In bear and volatile markets, our cash-secured put trades (covered calls too) should be structured in a defensive manner. Greater protection to the downside typically means lower returns. That’s the tradeoff. We may opt for weekly trades which frequently result in higher annualized returns. What if we are in a holiday-shortened week, creating 4-day trades? Can we still generate significant premium returns with elite-performing underlying securities? In this article, a real-life example with Agnico Eagle Mines Limited (Nasdaq: AEM) will be examined to show that, yes, this is frequently possible. This trade (10 contracts) was taken directly from one of Alan’s portfolios.

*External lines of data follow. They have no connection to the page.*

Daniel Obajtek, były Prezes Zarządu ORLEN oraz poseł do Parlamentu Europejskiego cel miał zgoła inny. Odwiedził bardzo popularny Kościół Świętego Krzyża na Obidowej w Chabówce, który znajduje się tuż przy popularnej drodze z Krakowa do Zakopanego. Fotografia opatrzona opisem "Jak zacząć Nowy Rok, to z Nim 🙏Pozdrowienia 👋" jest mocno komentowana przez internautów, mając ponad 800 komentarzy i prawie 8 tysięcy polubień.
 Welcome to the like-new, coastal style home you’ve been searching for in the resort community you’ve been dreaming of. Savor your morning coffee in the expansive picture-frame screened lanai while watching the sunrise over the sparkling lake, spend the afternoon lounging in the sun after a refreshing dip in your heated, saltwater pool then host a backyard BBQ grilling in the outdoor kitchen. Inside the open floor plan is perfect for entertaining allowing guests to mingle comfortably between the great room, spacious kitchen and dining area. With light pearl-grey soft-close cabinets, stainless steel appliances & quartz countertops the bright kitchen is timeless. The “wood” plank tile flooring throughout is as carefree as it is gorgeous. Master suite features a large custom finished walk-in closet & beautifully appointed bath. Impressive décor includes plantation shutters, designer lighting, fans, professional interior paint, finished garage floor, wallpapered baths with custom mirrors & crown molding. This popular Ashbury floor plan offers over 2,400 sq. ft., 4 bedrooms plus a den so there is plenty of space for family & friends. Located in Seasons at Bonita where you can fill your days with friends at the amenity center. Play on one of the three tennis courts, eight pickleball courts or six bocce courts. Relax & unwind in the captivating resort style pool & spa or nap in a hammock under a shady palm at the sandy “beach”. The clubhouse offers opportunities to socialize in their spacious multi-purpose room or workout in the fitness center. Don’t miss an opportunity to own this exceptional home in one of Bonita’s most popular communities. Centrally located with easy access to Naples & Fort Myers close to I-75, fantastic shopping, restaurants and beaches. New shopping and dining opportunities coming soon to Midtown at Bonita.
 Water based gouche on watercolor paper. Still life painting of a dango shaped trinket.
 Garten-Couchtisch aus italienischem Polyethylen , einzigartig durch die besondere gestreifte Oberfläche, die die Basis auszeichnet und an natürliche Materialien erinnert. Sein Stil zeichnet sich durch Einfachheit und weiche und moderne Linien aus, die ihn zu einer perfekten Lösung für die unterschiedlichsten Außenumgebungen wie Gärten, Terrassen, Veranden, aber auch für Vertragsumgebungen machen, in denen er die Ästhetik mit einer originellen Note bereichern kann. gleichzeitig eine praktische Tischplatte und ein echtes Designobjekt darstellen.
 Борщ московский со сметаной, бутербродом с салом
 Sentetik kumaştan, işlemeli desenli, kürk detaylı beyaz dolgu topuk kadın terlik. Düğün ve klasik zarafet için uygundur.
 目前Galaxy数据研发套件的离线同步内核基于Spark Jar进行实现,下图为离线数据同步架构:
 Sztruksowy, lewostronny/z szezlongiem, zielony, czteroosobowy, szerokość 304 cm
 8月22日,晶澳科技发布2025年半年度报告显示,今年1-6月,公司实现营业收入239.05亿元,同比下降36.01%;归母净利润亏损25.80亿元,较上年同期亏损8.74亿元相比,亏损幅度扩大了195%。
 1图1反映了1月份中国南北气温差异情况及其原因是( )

AEM from our BCI Premium Stock Screen & Watch List
- AEM: $117.06
- #7 on IBD 50
- 1.20% dividend yield
- Ex-dividend date 2/28/2025
- Robust implied volatility (IV): 64.40%
- Industry segment rank: A (Mining)
- Next ER: 4/24/2025
- Bullish On Balance Volume (OBV)
- Analyst rating (MAR) a stellar 1.56
- Weekly options not available
- On our premium watch list for 4 weeks
- The $110.00 4/17/2025 deep OTM put strike has a bid price of $0.55
4-day initial calculations using the BCI Trade Management Calculator (TMC)

- The initial 4-day (Good Friday holiday) option return is significant (0.50%, 45.85% annualized- brown cells)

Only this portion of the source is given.